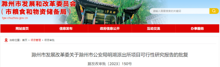 你局《关于申请审批滁州市公安局明湖派出所项目可行性研究报告的函》及相关材料收悉,结合项目评估报告意见,经研究,批复如下:
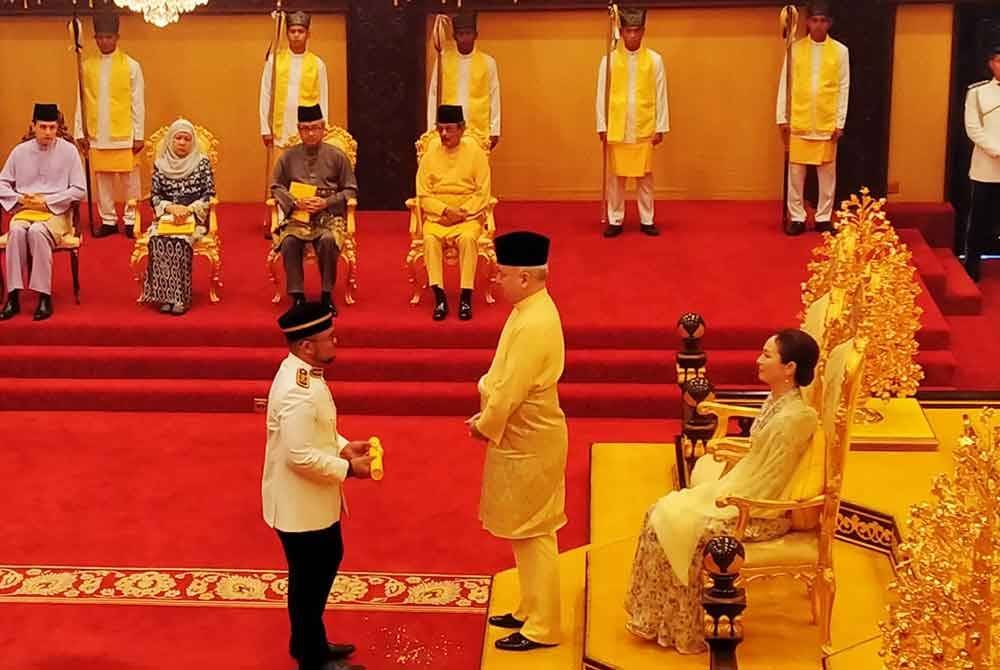 KUALA KANGSAR - Sultan Perak, Sultan Nazrin Muizzuddin Shah berkenaan mengurniakan darjah kebesaran serta pingat sempena Hari Ulang Tahun Keputeraan baginda ke-68 di Istana Iskandariah di sini pada Sabtu.
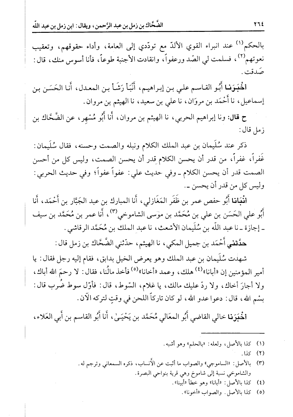 بالحكم (1) عن انبراء القوي الألد مع توددي إلى العامة وأداء حقوقهم وتعقيب نعوتهم (2) فسلمت لي الصد ورعفوا وانقادت الأجنبة طوعا فأنا أسوس منك قال صدقت أخبرنا أبو القاسم علي بن إبراهيم أنبأ رشأ بن المعدل أنا الحسن بن إسماعيل نا أحمد بن مروان نا علي بن سعيد نا الهيثم بن مروان ح قال ونا إبراهيم الحربي نا الهيثم بن مروان أنا أبو مسهر عن الضحاك بن زمل قال ذكر عند سليمان بن عبد الملك الكلام ونبله والصمت وحسنه فقال سليمان غفرا غفرا من قدر أن يحسن الكلام قدر أن يحسن الصمت وليس كل من أحسن الصمت قدر أن يحسن الكلام وفي حديث علي عفوا عفوا وفي حديث الحربي وليس كل من قدر أن يحسن أنبأنا أبو حفص عمر بن ظفر المغازلي أنا المبارك بن عبد الجبار بن أحمد أنا أبو علي الحسن بن علي بن محمد بن موسى الشاموخي (3) أنا عمر بن محمد بن سيف إجازة نا عبد الله بن سليمان الأشعث نا عبد الملك بن محمد الرقاشي حدثني أحمد بن جميل المكي نا الهيثم حدثني الضحاك بن زمل قال شهدت سليمان بن عبد الملك وهو يعرض الخيل بدابق فقام إليه رجل فقال يا أمير المؤمنين إن أبانا (4) هلك وعمد أخانا (5) فأخذ مالنا فقال لا رحم الله أباك ولا أجار أخاك ولا رد عليك مالك يا غلام السوط قال فأول سوط ضرب قال بسم الله قال دعوا عدو الله لو كان تاركا اللحن في وقت لتركه الآن
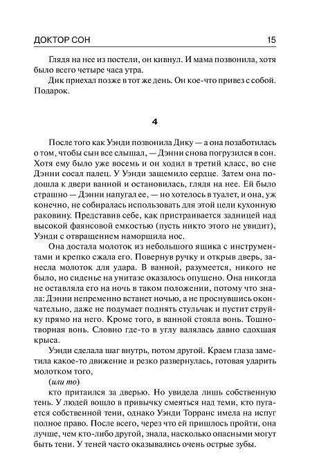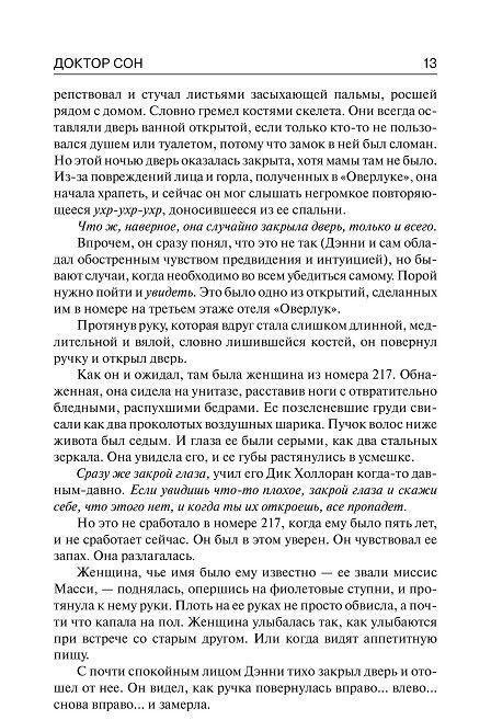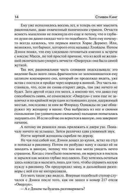 Легендарный роман Стивена Кинга «Сияние», вышедший в 1977 году, перевели на все языки мира и неоднократно экранизировали (наиболее известен вошедший в золотой фонд мирового кинематографа фильм Стэнли Кубрика с блистательным Джеком Николсоном в главной роли). И вот теперь Стивен Кинг вновь возвращается к своим героям, представляя бесчисленным поклонникам продолжение «Сияния» - поразительный роман «Доктор Сон». Дэнни Торранс, сын писателя, уничтоженного темными силами отеля «Оверлук», до сих пор тяготится своим необычайным даром. Ведь способность «сиять» вновь и вновь напоминает ему о трагических событиях, пережитых в детстве и едва не сломавших ему жизнь. На плаву Дэнни поддерживает лишь работа в хосписе, где его способности помогают облегчить пациентам мучительную боль. Но однажды к Дэну приходит двенадцатилетняя девочка Абра, которая излучает «сияние» невероятной, немыслимой силы. И девочке этой угрожает смертельная опасность – на нее объявлена настоящая охота. Дэн Торранс - единственный, кто может ее спасти…
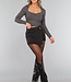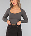 Graues Top aus geripptem Stoff mit offenem Ausschnitt
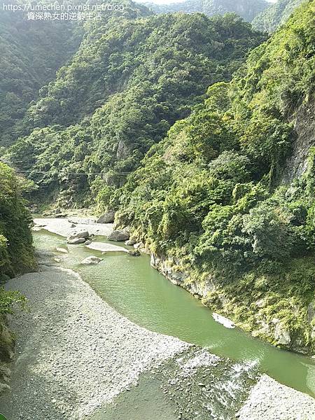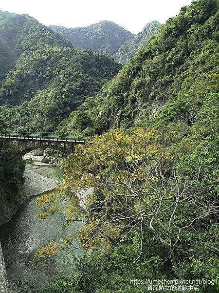 俯瞰峽谷下的溪流,與四周環繞的青山呈現不同的碧綠,少了城市的喧囂,偶而遊人的三言二語,很是愜意的時光。
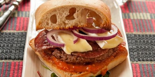 En festligare, USA-inspirerad variant på hamburgare, där en hemgjord tomatsås förgyller smaken.
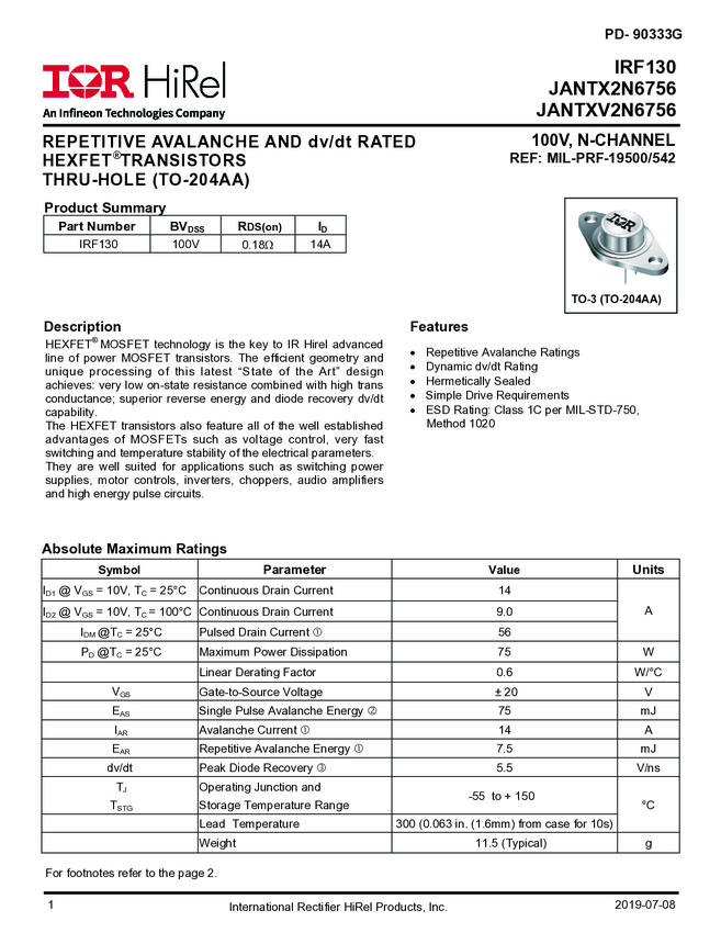 JANTXV2N6756 is a high reliability, 100V, single, N-channel MOSFET in a TO-204AA package. It utilizes HEXFET MOSFET technology to achieve low on-state resistance, high transconductance, and superior reverse energy and diode recovery dv/dt capability. Ideal for power supplies, motor controls, choppers, audio amplifiers, and other high-energy pulse circuit applications. It has TXV level screening and is suitable for defense applications.
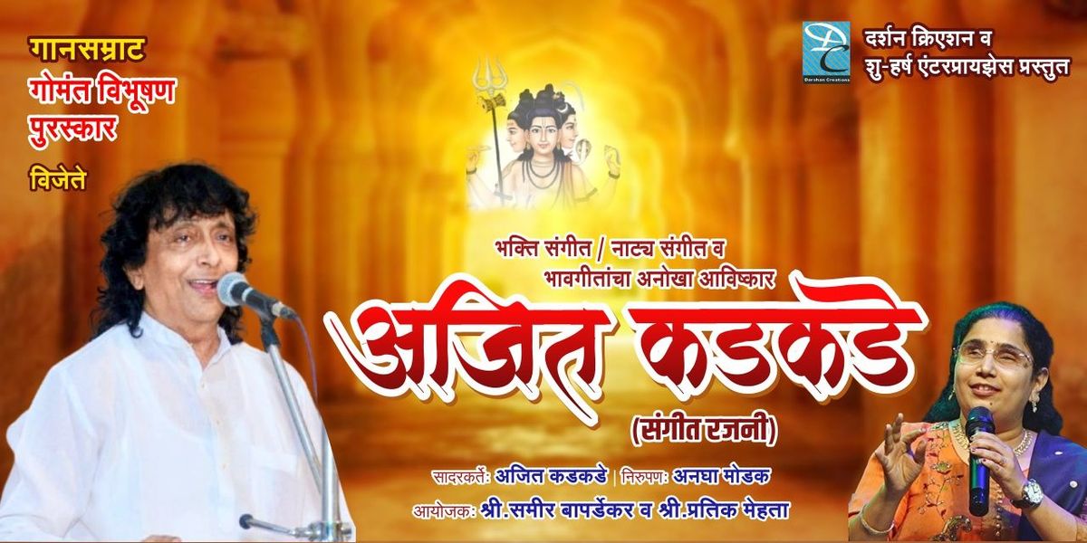 Pandit Ajitkumar Kadkade is a renowned Indian Hindustani classical and devotional singer, known for his soulful voice in bhajans, abhangs, and natyasangeet, hailing from Bicholim, Goa, and trained under legends like Pt. Jitendra Abhisheki. With a career spanning decades, he has released around 200 albums, performed globally, sung in multiple languages (Marathi, Hindi, Konkani, Kannada), and received honours like the 'National Ustad Allaudin Khan' award, ‘Gaan Samarth’ award and Goa's prestigious 'Gomant Vibhushan'.
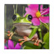 AI art depicting a cute frog or toad sitting on a branch of pink flowers with a swamp background.
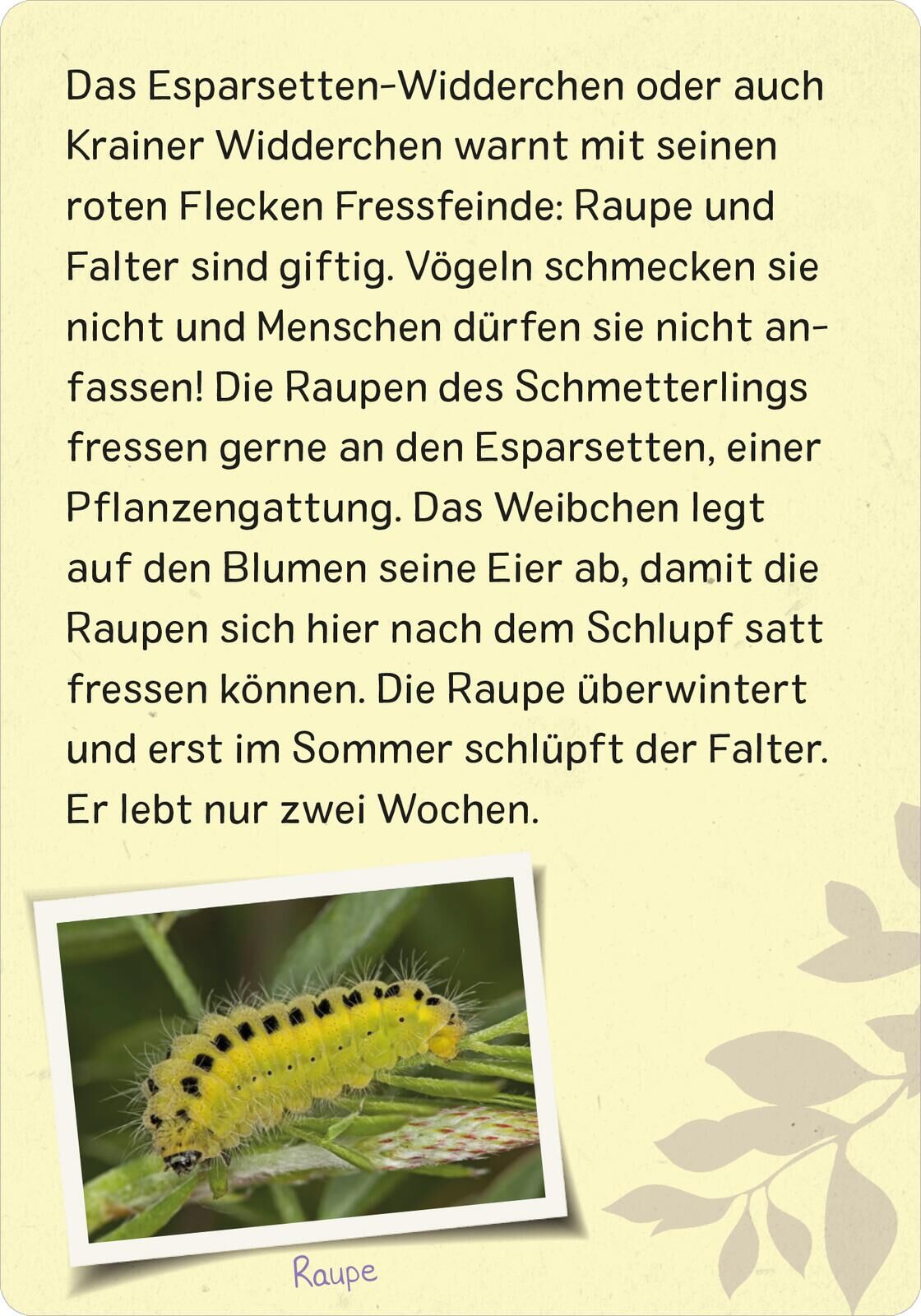 Entdecke die heimischen Krabbeltiere Die Naturforscher-Box beinhaltet 50 Karten. Auf jeder Karte wird ein Insekt oder eine Spinne vorgestellt mit Foto, Steckbrief und zusätzlichen interessanten Informationen, wie z. B. Aussehen, Fortpflanzung, Lebensweisen, V...
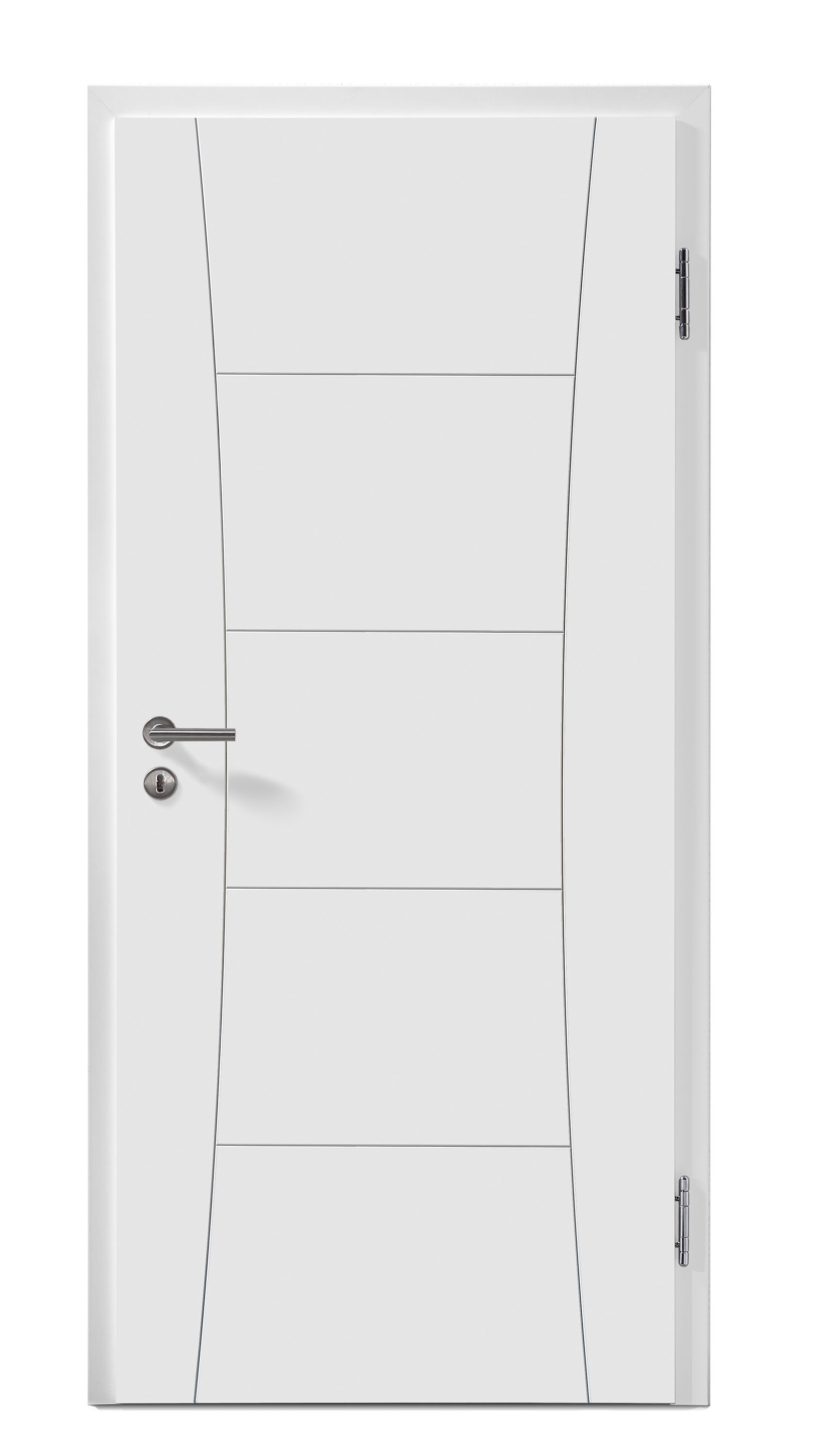 Türblatt: mit runder Türkante, optional mit eckiger oder stumpfer Türkante, siehe Ausstattung und Zubehör.Türblatt mit eingefrästen und lackierten, vertieften Fugen
+--
**Directions:**
All of the records need to be reproduced exactly, with each picture omitted.

**Exercise output:**
 你局《关于申请审批滁州市公安局明湖派出所项目可行性研究报告的函》及相关材料收悉,结合项目评估报告意见,经研究,批复如下:
 KUALA KANGSAR - Sultan Perak, Sultan Nazrin Muizzuddin Shah berkenaan mengurniakan darjah kebesaran serta pingat sempena Hari Ulang Tahun Keputeraan baginda ke-68 di Istana Iskandariah di sini pada Sabtu.
 بالحكم (1) عن انبراء القوي الألد مع توددي إلى العامة وأداء حقوقهم وتعقيب نعوتهم (2) فسلمت لي الصد ورعفوا وانقادت الأجنبة طوعا فأنا أسوس منك قال صدقت أخبرنا أبو القاسم علي بن إبراهيم أنبأ رشأ بن المعدل أنا الحسن بن إسماعيل نا أحمد بن مروان نا علي بن سعيد نا الهيثم بن مروان ح قال ونا إبراهيم الحربي نا الهيثم بن مروان أنا أبو مسهر عن الضحاك بن زمل قال ذكر عند سليمان بن عبد الملك الكلام ونبله والصمت وحسنه فقال سليمان غفرا غفرا من قدر أن يحسن الكلام قدر أن يحسن الصمت وليس كل من أحسن الصمت قدر أن يحسن الكلام وفي حديث علي عفوا عفوا وفي حديث الحربي وليس كل من قدر أن يحسن أنبأنا أبو حفص عمر بن ظفر المغازلي أنا المبارك بن عبد الجبار بن أحمد أنا أبو علي الحسن بن علي بن محمد بن موسى الشاموخي (3) أنا عمر بن محمد بن سيف إجازة نا عبد الله بن سليمان الأشعث نا عبد الملك بن محمد الرقاشي حدثني أحمد بن جميل المكي نا الهيثم حدثني الضحاك بن زمل قال شهدت سليمان بن عبد الملك وهو يعرض الخيل بدابق فقام إليه رجل فقال يا أمير المؤمنين إن أبانا (4) هلك وعمد أخانا (5) فأخذ مالنا فقال لا رحم الله أباك ولا أجار أخاك ولا رد عليك مالك يا غلام السوط قال فأول سوط ضرب قال بسم الله قال دعوا عدو الله لو كان تاركا اللحن في وقت لتركه الآن
 Легендарный роман Стивена Кинга «Сияние», вышедший в 1977 году, перевели на все языки мира и неоднократно экранизировали (наиболее известен вошедший в золотой фонд мирового кинематографа фильм Стэнли Кубрика с блистательным Джеком Николсоном в главной роли). И вот теперь Стивен Кинг вновь возвращается к своим героям, представляя бесчисленным поклонникам продолжение «Сияния» - поразительный роман «Доктор Сон». Дэнни Торранс, сын писателя, уничтоженного темными силами отеля «Оверлук», до сих пор тяготится своим необычайным даром. Ведь способность «сиять» вновь и вновь напоминает ему о трагических событиях, пережитых в детстве и едва не сломавших ему жизнь. На плаву Дэнни поддерживает лишь работа в хосписе, где его способности помогают облегчить пациентам мучительную боль. Но однажды к Дэну приходит двенадцатилетняя девочка Абра, которая излучает «сияние» невероятной, немыслимой силы. И девочке этой угрожает смертельная опасность – на нее объявлена настоящая охота. Дэн Торранс - единственный, кто может ее спасти…
 Graues Top aus geripptem Stoff mit offenem Ausschnitt
 俯瞰峽谷下的溪流,與四周環繞的青山呈現不同的碧綠,少了城市的喧囂,偶而遊人的三言二語,很是愜意的時光。
 En festligare, USA-inspirerad variant på hamburgare, där en hemgjord tomatsås förgyller smaken.
 JANTXV2N6756 is a high reliability, 100V, single, N-channel MOSFET in a TO-204AA package. It utilizes HEXFET MOSFET technology to achieve low on-state resistance, high transconductance, and superior reverse energy and diode recovery dv/dt capability. Ideal for power supplies, motor controls, choppers, audio amplifiers, and other high-energy pulse circuit applications. It has TXV level screening and is suitable for defense applications.
 Pandit Ajitkumar Kadkade is a renowned Indian Hindustani classical and devotional singer, known for his soulful voice in bhajans, abhangs, and natyasangeet, hailing from Bicholim, Goa, and trained under legends like Pt. Jitendra Abhisheki. With a career spanning decades, he has released around 200 albums, performed globally, sung in multiple languages (Marathi, Hindi, Konkani, Kannada), and received honours like the 'National Ustad Allaudin Khan' award, ‘Gaan Samarth’ award and Goa's prestigious 'Gomant Vibhushan'.
 AI art depicting a cute frog or toad sitting on a branch of pink flowers with a swamp background.
 Entdecke die heimischen Krabbeltiere Die Naturforscher-Box beinhaltet 50 Karten. Auf jeder Karte wird ein Insekt oder eine Spinne vorgestellt mit Foto, Steckbrief und zusätzlichen interessanten Informationen, wie z. B. Aussehen, Fortpflanzung, Lebensweisen, V...
 Türblatt: mit runder Türkante, optional mit eckiger oder stumpfer Türkante, siehe Ausstattung und Zubehör.Türblatt mit eingefrästen und lackierten, vertieften Fugen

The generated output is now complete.